А пишу я об этом потому, что, испытывая душевное расположение к Наталье, нет-нет да и настраивалась на такой лад: она оригинальна, естественно оригинальна, добросердечна, пытлива, но слишком женственна, не в меру боготворит Марата и...
Неужели я ревную, сама не подозревая об этом? Проклятая подкорка, она подчас настолько скрытно поступает, что ведешь себя, как бумажный кораблик: куда-то несешься и не догадываешься — почему.
Конверт был раздутый. Достала оттуда тетрадные, в косую клеточку листки. Почерк завитушистый.

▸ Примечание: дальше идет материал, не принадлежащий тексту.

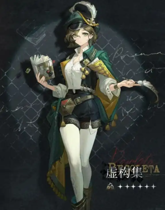 除了技能,虚构集的外形也非常有魅力。她那一头碧绿色的短发和墨绿色的衣服,显得既清新又充满智慧感。她手中拿着一本书和羽毛笔,看上去似乎是个非常沉迷于阅读的角色。不过,千万别被她外表的温文尔雅给迷惑,战斗时,她的威力可是丝毫不含糊。
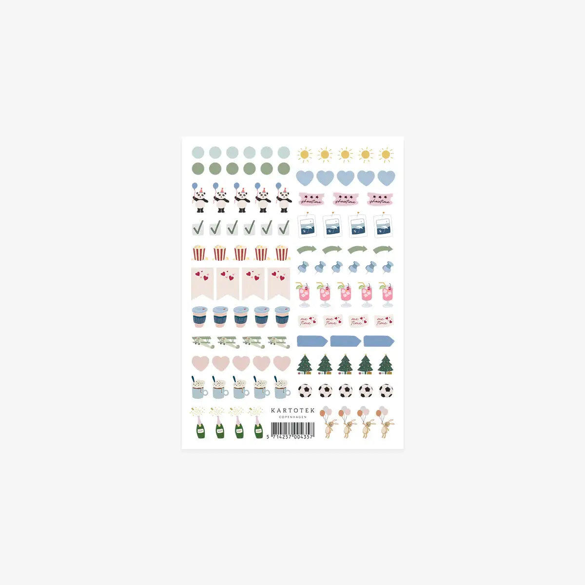 Søde og charmerende klistermærker fra Kartotek København til at lyse op i din dagbog eller kalender, forskønne dine gaver eller sætte på breve. * Størrelse på klistermærkeark: A6 (105 x 148,5 mm) * Trykt i Danmark på 70gsm hvidt papir
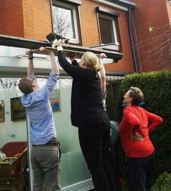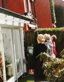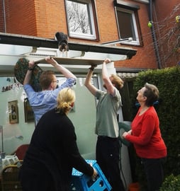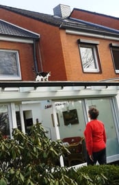 Eine Nacbarskatze hatte sich auf unsere Wintergärten verirrt und versuchte von dort wieder herrunter zu kommen. Gott sei Dank leisteten unsere Jungs und Mirja Hilfestellung. Das Ende vom Lied war jedoch, dass die Katze direkt heruntergesprungen ist.

«Мне, Маратка, обрадоваться бы за твое возвышение, пир бы закатить для всей родни, поскольку я старший в нашем корне, а я встревожился, митинговал перед твоей теткой: чего Маратку так борзо подсаживают на верх пирамиды и чего это он там пальбу в собственную честь устроил? Пальбу ты хитро преподносишь: будто вы просто поразвлекались, поозорничали и словно бы не-торжествовали по поводу твоего взлета, а отнеслись с юморком, чтоб не обольщаться насчет руководящего дарования и не ковырнуться носом об луну. Но, по-моему, ты уже ковырнулся. По телевизору показывали снимки луны, сделанные космонавтами. Я углядел на ней следы твоих ноздрей. Поди-ка, до сих пор чихаешь титаномагнетитовой пылью. Набрать ракетниц, сесть на катер морского клуба, устроить такой фейерверк, аж пропадали из видимости звезды, и к тому же гонять на высокой скорости — не юморок, Маратка, не ребячливая шаловливость. Тут, Маратка, разгул тщеславия. Скакнул ты за короткий период чрезмерно: начальник цеха, главный инженер, директор! И все-то от роду сорока лет с хвостиком. Не мудрено, что закружило славолюбие. Не, не, я покатился к оправданию. Не, не, отшатываюсь от него.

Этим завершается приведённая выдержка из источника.